Restate word for word the entries below, starting at the line with "헌법재판소가 윤석열 전" and ending at the line with "最後の一冊に、ひかえめに名前". Keep both end lines and omit the pictures.

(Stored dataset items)
==========
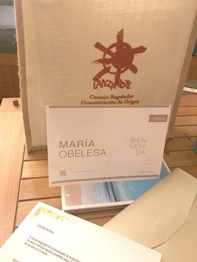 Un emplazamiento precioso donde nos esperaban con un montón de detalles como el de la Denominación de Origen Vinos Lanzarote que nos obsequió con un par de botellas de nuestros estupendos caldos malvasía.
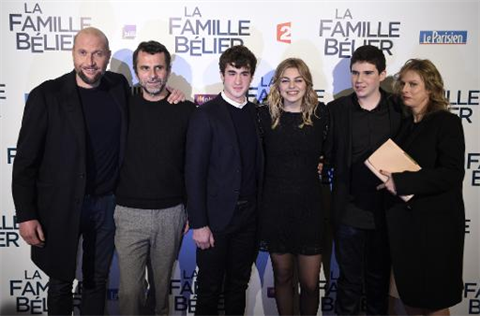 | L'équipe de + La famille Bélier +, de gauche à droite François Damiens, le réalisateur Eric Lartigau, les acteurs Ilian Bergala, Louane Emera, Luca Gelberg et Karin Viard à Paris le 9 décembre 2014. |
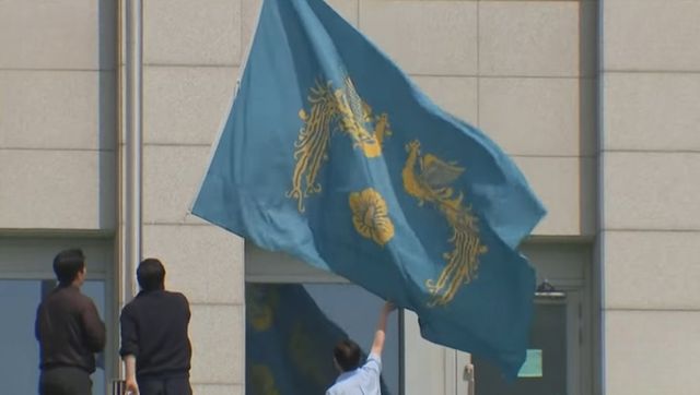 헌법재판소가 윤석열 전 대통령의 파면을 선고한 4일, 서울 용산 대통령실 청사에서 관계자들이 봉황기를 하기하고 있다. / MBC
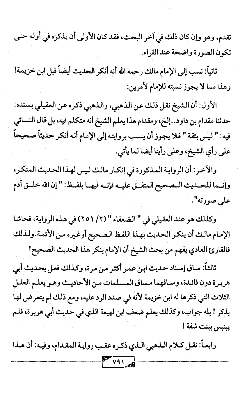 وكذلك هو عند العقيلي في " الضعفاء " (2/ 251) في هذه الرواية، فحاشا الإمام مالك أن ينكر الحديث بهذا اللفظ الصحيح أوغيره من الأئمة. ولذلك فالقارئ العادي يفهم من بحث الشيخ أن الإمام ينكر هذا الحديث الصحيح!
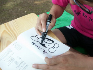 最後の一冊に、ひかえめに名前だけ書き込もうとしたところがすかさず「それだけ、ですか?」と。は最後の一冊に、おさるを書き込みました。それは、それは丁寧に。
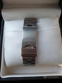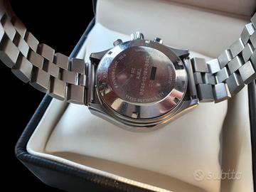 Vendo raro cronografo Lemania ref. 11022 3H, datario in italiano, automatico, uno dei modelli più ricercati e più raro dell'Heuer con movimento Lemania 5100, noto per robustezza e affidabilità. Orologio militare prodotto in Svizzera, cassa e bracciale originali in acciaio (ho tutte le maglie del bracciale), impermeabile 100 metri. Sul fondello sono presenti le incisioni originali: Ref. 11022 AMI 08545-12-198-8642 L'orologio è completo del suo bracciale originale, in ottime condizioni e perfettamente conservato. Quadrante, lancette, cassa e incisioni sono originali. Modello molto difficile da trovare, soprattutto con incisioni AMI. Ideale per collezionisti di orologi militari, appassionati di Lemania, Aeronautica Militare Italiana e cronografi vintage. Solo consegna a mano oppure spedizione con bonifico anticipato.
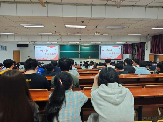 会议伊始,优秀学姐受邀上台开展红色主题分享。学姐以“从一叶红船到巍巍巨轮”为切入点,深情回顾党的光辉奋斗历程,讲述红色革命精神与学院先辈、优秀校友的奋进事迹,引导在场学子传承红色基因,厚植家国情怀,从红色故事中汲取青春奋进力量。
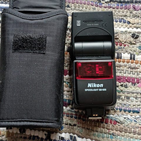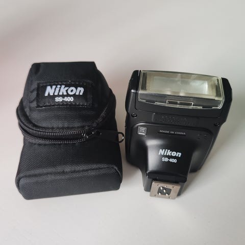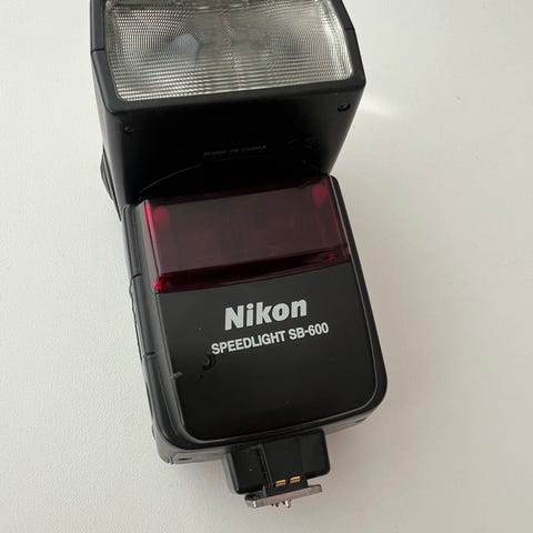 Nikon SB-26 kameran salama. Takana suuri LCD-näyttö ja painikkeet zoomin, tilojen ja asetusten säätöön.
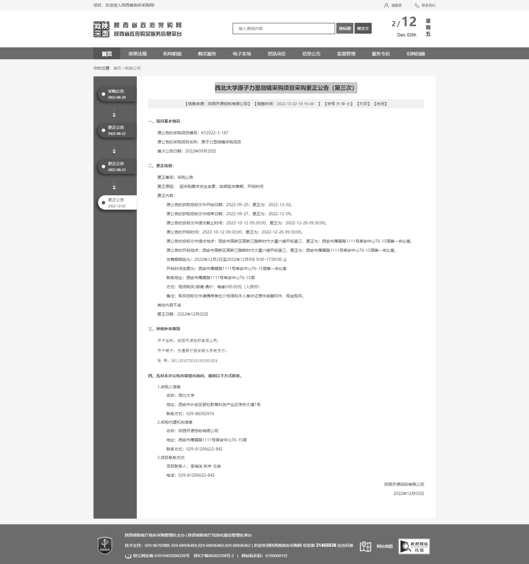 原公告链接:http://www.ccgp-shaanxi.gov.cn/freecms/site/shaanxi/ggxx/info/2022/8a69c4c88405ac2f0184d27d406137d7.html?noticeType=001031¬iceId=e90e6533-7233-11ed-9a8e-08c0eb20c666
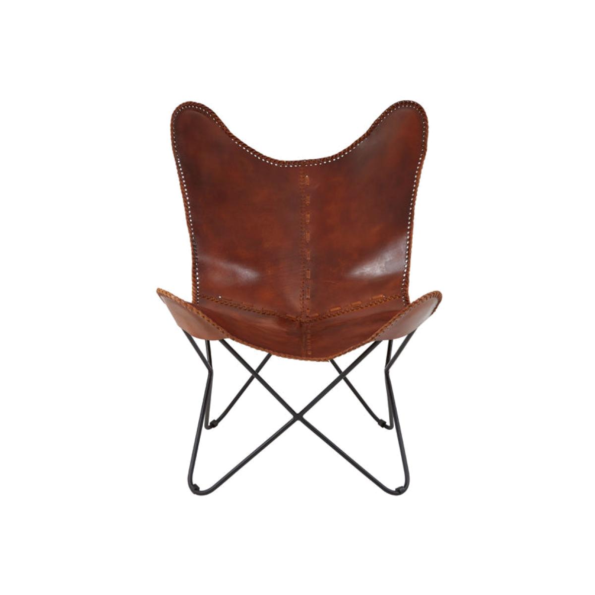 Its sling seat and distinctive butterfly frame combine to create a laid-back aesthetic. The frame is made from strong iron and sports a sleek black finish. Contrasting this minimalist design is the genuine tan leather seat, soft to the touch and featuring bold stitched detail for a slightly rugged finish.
==========
_OUTPUT BELOW_
 헌법재판소가 윤석열 전 대통령의 파면을 선고한 4일, 서울 용산 대통령실 청사에서 관계자들이 봉황기를 하기하고 있다. / MBC
 وكذلك هو عند العقيلي في " الضعفاء " (2/ 251) في هذه الرواية، فحاشا الإمام مالك أن ينكر الحديث بهذا اللفظ الصحيح أوغيره من الأئمة. ولذلك فالقارئ العادي يفهم من بحث الشيخ أن الإمام ينكر هذا الحديث الصحيح!
 最後の一冊に、ひかえめに名前だけ書き込もうとしたところがすかさず「それだけ、ですか?」と。は最後の一冊に、おさるを書き込みました。それは、それは丁寧に。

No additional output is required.